Major software companies are going to the developing world to evangelize their wares, however, and it is important to counteract this effect. The ultimate goal is to help people help themselves, noted Hellier.

The discussion moved on to ask how to address this topic on a more regular basis than at conferences once every year or two in a BoF session. Hellier started a wiki for discussion on bridging the digital divide prior to the start of the session at olsdigitaldivide.wikispaces.com and it was suggested that an IRC channel be created for further discussion, a method, noted an audience member, used successfully by kernel developers for years; so an IRC channel, #digitaldivide was created on irc.oftc.net.

Hellier also recommended looking at a number of tools, including the Learning Activity Management System, Moodle, and the sysadmin-free usability of Edubuntu.

Linux on the laptop

The last session I attended yesterday was the BoF session run by Patrick Mochel of Intel on the topic of Linux on the laptop. It was an open BoF with no specific agenda and no slides. Mochel noted the presence of several relevant people to the discussion, including some developers of HAL, udev, the kernel, ACPI, and Bluetooth.

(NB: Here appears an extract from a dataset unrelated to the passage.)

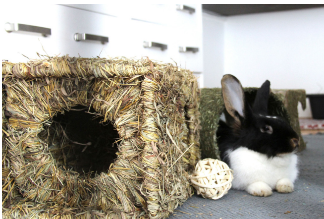
Il existe de nombreux jouets à ronger.

inhabituel, il est impératif de l'emmener rapidement consulter son vétérinaire. S'il a mal quelque part ou souffre, faites attention à limiter les manipulations qui peuvent augmenter sa douleur.

The discussion began with talk about suspend and resume support on recent laptops and the weaknesses therein. Mochel noted that while suspend and resume support is a nice thing, it does not buy you anything with the most critical aspect of a laptop — battery life. This brought about a lengthly discussion of various things that waste electricity in a laptop. The sound device, for example, should be disabled when it is not being actively written to and network devices that are not being used should be disabled to conserve power.

The discussion evolved quickly, turning next to network states. It is possible, argued Mochel, to have the network device down until a cable is plugged into it, in the case of wired networking, and only come up when a cable-connected interrupt is received. This can be important because a network card that is on is wasting power if it is not connected to a network.

Removing a kernel module does not necessarily reduce power to a device, someone noted. Fedora only removes modules when suspend cannot be achieved without doing so, commented another.

Another participant asked whether there’s any documentation on how drivers should work with regards to power management? The answers were less than straightforward, with one person asking if there’s documentation on how drivers should work for anything at all. Another suggested posting a patch to the Linux kernel mailing list and seeing the reaction.

The topic of tablet PCs and rotating touch screens was brought up. Touch screen support has been improving over the last few years, it was noted, but mainly in userland. Someone commented that the orientation of the rotating monitors on tablets are determined by differential altimeters sensing air pressure differences between the ends and determining orientation as a result.

Rotating screens are not only a problem for X, says Linux International’s Jon ‘maddog’ Hall, but for consoles as well. Pavel Machek replied that 2.6.16 and newer kernels allow command line tools to rotate the console.

The discussion then moved into a discussion of biometrics in light of the finger print scanner present on many newer IBM laptops. Microsoft, came a comment, is pushing for a biometric API in its next version of Windows. A biometric API exists for Linux, and sort of works. It supports the fingerprint scanner by comparing the image taken by the scanner to ones stored, a solution noted by others present to be less than secure since the image is not hashed — something that has been done for user passwords on Linux for years.

The second of four days of the conference saw more technical talks than the first, with Dave Jones’ talk on userspace being the highlight of the day.